● TASK TO COMPLETE: Below is a listing with pictures in it; transcribe exactly the lines from the one that has "This one is" through the one that has "reset은 HEAD 포인터", and omit those pictures.

● DATA TO PROCESS:
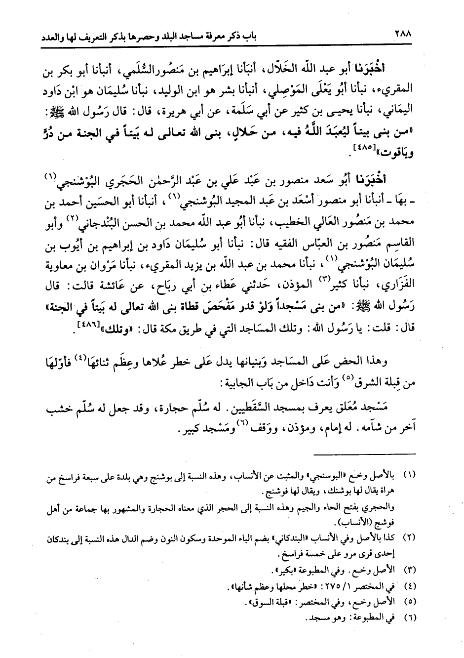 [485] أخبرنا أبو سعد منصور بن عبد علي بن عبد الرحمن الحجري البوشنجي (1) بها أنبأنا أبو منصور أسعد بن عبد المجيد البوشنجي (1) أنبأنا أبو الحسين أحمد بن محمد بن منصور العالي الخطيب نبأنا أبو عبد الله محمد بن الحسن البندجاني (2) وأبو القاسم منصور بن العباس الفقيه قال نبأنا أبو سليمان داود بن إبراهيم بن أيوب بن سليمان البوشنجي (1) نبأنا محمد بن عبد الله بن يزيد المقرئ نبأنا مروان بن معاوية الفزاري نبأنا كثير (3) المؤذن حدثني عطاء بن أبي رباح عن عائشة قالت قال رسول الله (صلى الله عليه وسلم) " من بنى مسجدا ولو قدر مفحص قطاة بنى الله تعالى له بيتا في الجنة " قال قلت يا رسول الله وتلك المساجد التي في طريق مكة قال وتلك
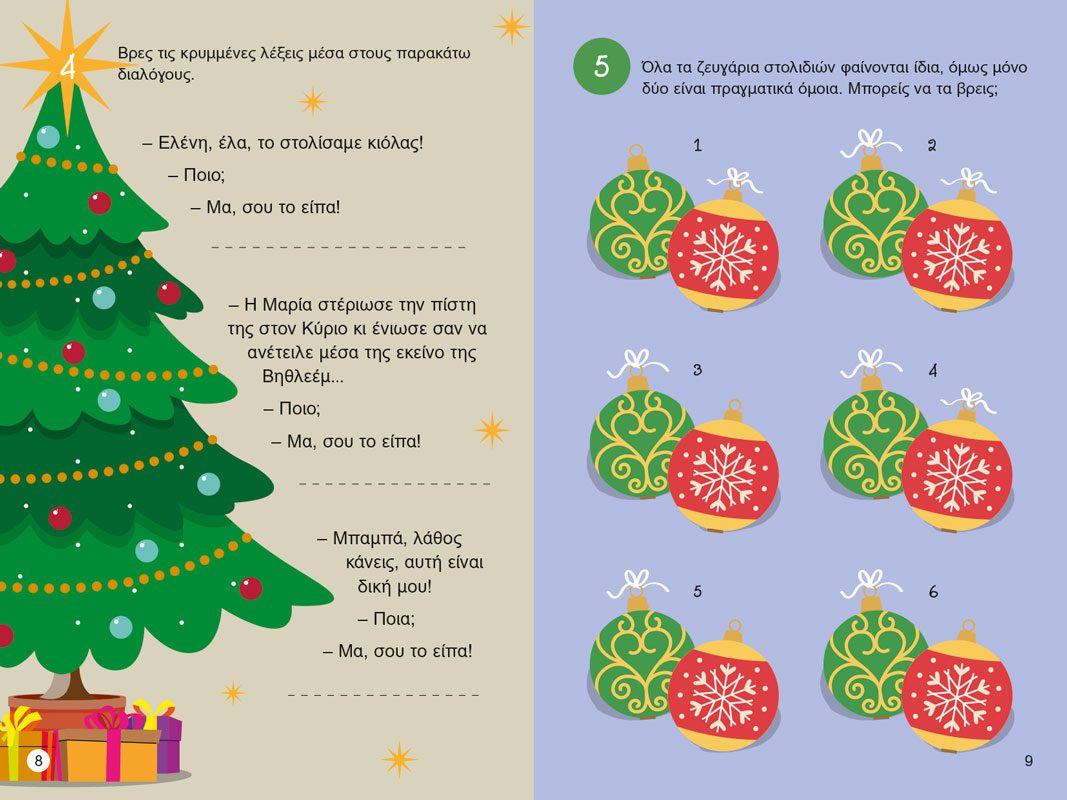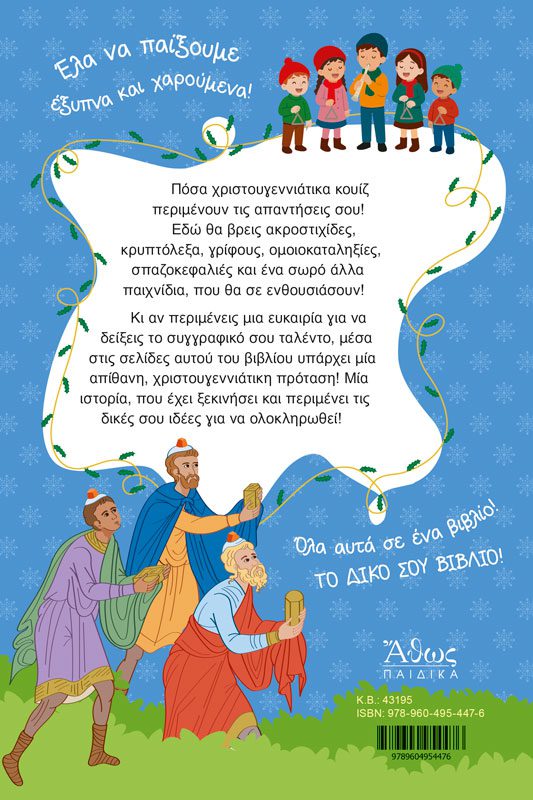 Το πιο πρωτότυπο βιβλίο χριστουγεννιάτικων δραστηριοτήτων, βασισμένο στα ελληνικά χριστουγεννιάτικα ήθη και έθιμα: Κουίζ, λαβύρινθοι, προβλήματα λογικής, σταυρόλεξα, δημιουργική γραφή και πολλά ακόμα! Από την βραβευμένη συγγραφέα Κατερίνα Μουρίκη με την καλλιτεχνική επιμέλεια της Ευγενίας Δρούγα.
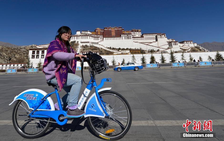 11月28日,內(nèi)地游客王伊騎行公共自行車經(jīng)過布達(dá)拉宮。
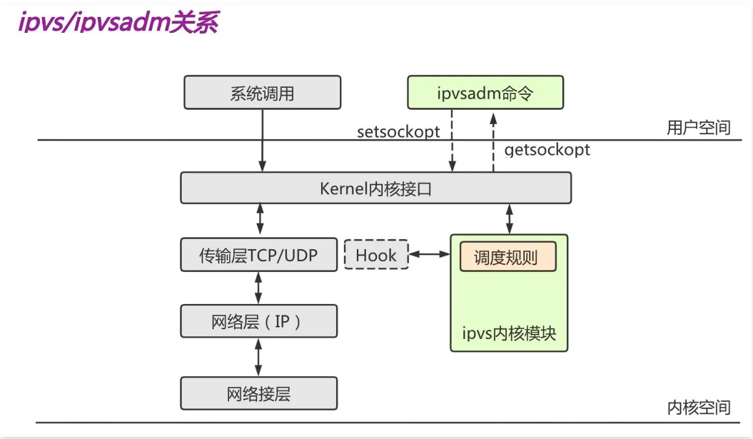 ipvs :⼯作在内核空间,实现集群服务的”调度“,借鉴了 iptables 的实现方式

...

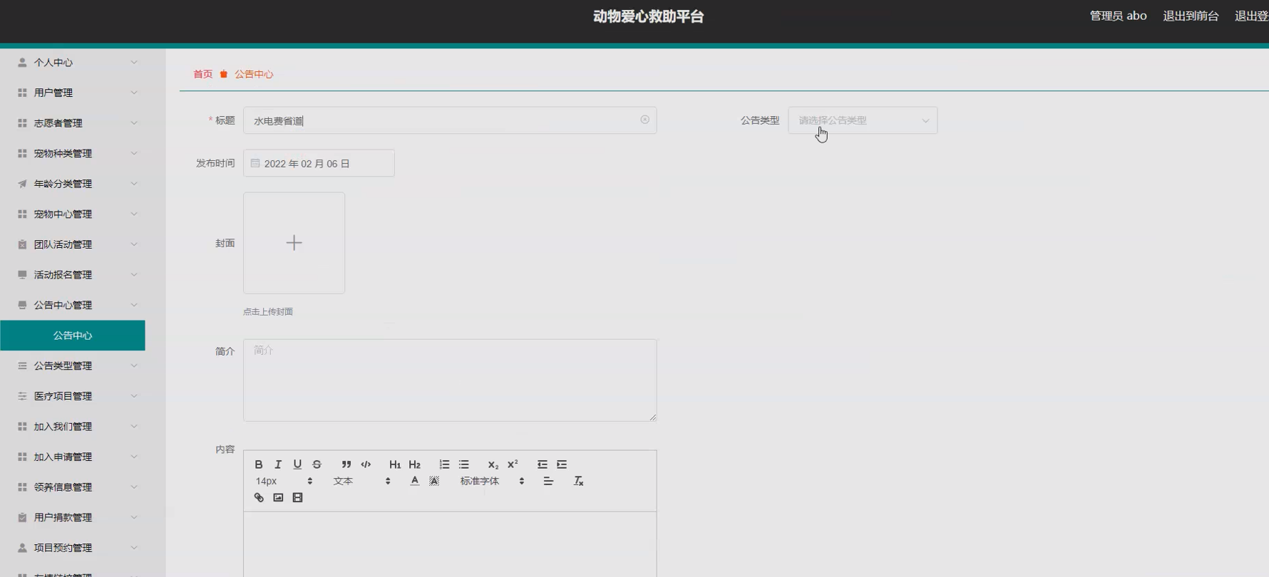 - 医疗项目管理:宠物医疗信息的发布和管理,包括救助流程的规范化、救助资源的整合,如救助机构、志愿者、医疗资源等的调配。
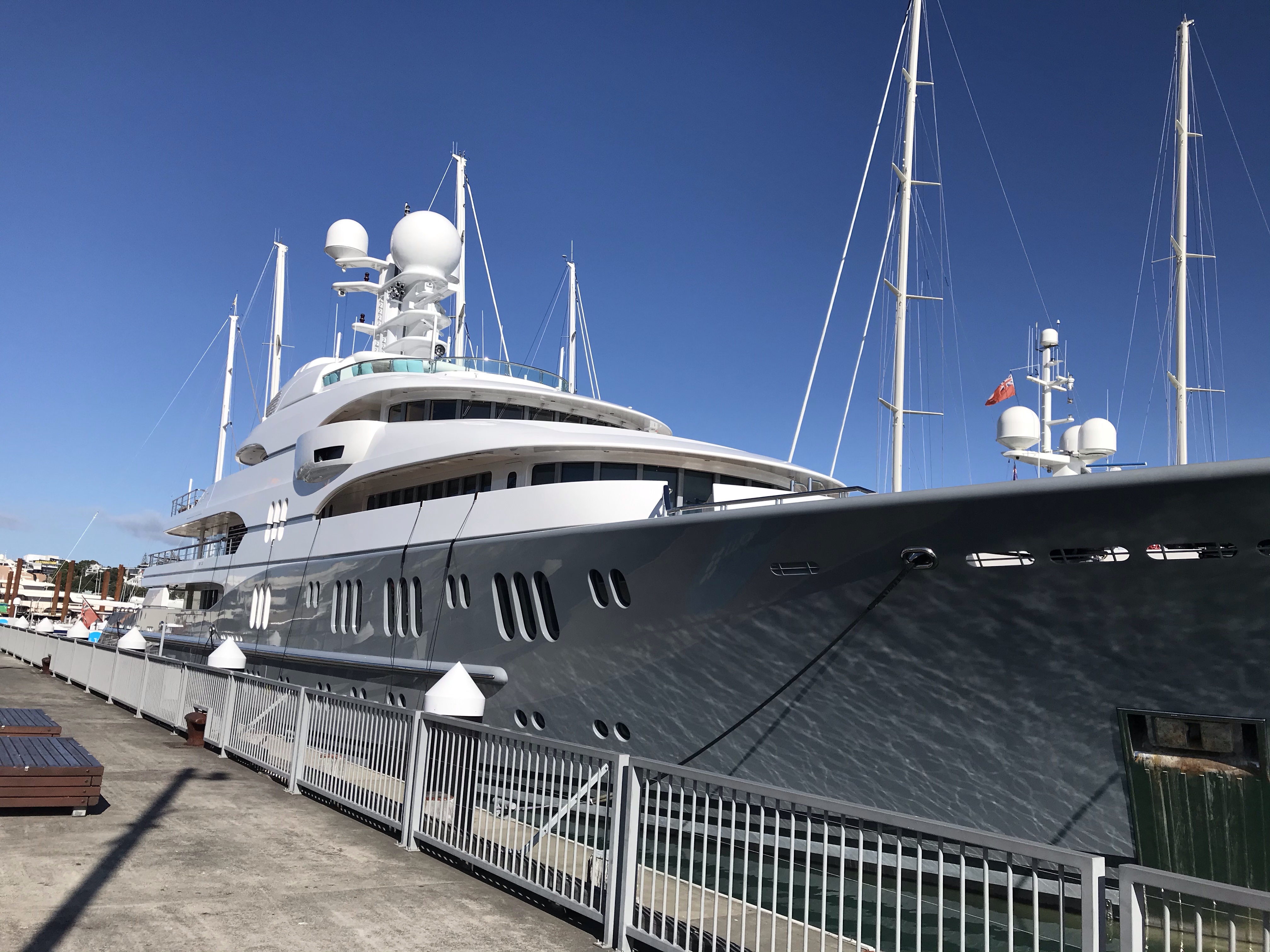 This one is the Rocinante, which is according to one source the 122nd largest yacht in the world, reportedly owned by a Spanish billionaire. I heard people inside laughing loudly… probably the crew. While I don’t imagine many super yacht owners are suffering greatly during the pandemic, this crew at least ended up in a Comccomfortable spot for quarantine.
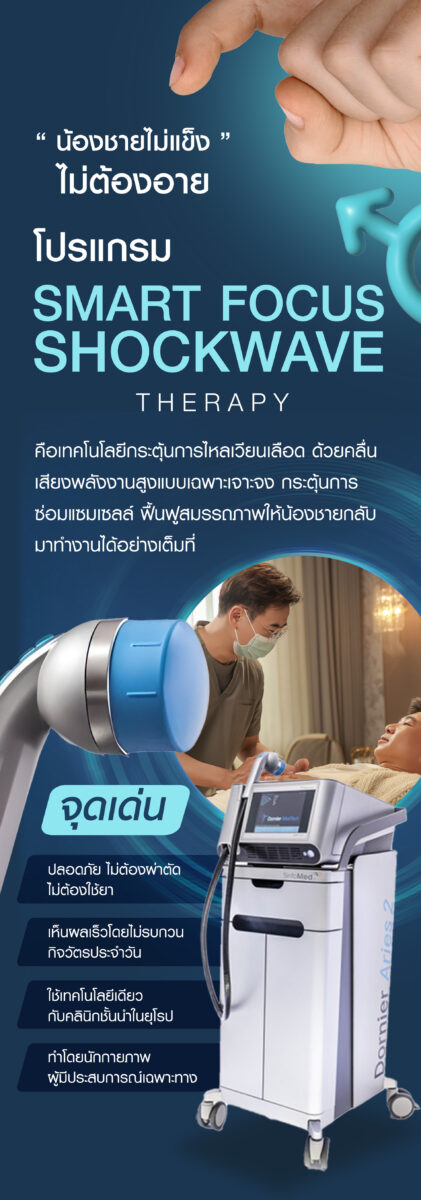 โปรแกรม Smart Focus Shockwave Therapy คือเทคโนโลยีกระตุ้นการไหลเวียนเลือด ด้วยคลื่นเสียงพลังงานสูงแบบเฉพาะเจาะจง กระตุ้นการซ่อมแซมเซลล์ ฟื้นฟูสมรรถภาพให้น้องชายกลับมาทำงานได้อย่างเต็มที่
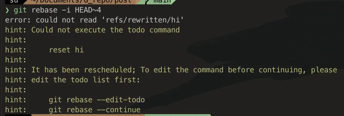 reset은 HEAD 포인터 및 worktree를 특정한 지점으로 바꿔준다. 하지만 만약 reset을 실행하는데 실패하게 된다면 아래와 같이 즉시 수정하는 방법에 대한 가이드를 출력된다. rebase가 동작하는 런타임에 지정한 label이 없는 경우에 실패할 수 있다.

...

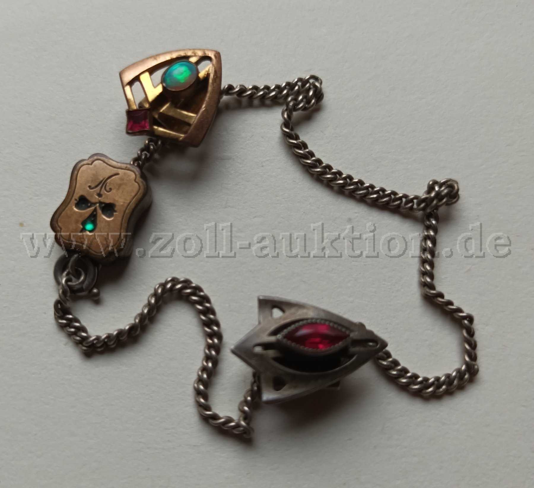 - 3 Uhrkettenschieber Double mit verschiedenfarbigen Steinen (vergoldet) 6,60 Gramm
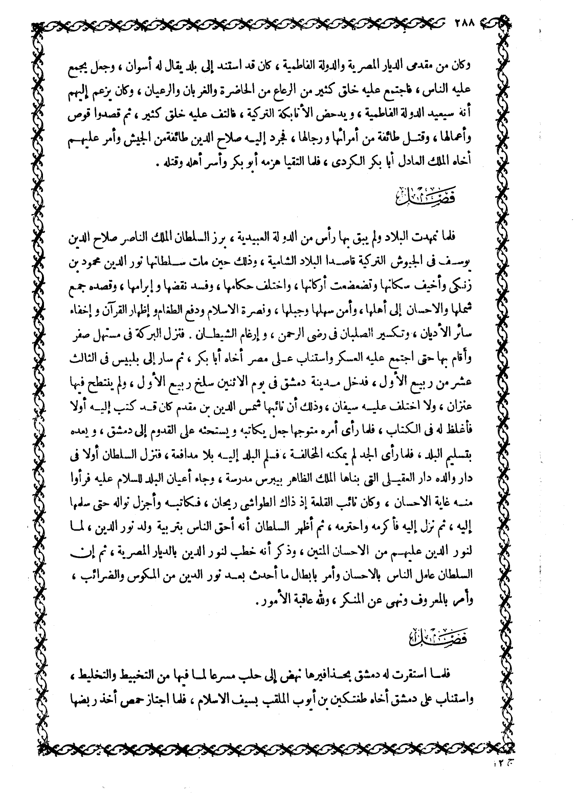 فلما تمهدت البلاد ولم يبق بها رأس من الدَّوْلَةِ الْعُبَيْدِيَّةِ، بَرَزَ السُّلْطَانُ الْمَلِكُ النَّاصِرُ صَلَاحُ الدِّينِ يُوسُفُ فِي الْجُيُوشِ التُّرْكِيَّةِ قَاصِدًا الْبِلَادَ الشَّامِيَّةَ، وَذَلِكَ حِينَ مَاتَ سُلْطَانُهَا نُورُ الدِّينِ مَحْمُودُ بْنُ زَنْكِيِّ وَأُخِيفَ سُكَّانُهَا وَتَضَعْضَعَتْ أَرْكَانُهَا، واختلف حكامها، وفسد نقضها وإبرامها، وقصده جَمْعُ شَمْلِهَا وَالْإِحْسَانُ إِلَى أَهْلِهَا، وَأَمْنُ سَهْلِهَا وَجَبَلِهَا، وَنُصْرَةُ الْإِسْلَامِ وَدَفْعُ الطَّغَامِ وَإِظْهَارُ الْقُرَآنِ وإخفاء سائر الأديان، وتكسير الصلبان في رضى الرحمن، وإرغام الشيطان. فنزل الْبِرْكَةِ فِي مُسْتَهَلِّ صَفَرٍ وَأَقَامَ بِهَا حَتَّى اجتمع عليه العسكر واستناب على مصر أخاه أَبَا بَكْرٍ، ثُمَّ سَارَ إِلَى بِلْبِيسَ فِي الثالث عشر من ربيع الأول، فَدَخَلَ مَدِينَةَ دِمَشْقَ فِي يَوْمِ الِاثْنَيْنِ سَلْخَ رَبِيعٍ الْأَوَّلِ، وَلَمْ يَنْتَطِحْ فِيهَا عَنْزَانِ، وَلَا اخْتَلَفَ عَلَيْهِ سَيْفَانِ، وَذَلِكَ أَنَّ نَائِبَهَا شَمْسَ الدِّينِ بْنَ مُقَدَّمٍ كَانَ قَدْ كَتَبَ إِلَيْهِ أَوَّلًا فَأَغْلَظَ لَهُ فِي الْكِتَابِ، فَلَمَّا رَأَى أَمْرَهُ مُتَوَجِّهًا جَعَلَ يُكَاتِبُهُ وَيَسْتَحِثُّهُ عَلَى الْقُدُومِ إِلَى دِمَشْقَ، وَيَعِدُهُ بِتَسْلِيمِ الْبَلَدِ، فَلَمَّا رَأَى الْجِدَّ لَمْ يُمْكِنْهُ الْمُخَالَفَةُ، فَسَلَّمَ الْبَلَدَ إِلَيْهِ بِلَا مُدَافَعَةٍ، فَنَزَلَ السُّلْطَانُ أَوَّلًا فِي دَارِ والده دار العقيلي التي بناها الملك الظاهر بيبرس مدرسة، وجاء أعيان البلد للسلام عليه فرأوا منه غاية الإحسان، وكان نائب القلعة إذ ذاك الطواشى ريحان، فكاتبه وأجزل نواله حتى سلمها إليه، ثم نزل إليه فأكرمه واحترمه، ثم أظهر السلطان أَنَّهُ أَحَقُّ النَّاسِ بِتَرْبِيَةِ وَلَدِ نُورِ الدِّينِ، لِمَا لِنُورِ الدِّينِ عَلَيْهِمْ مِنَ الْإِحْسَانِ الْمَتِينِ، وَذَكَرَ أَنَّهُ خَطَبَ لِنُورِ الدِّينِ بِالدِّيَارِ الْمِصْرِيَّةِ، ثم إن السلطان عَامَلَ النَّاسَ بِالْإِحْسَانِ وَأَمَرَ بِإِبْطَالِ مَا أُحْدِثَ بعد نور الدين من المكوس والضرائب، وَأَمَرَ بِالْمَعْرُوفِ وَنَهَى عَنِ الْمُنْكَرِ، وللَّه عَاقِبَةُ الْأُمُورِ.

● EXERCISE OUTPUT:
 This one is the Rocinante, which is according to one source the 122nd largest yacht in the world, reportedly owned by a Spanish billionaire. I heard people inside laughing loudly… probably the crew. While I don’t imagine many super yacht owners are suffering greatly during the pandemic, this crew at least ended up in a Comccomfortable spot for quarantine.
 โปรแกรม Smart Focus Shockwave Therapy คือเทคโนโลยีกระตุ้นการไหลเวียนเลือด ด้วยคลื่นเสียงพลังงานสูงแบบเฉพาะเจาะจง กระตุ้นการซ่อมแซมเซลล์ ฟื้นฟูสมรรถภาพให้น้องชายกลับมาทำงานได้อย่างเต็มที่
 reset은 HEAD 포인터 및 worktree를 특정한 지점으로 바꿔준다. 하지만 만약 reset을 실행하는데 실패하게 된다면 아래와 같이 즉시 수정하는 방법에 대한 가이드를 출력된다. rebase가 동작하는 런타임에 지정한 label이 없는 경우에 실패할 수 있다.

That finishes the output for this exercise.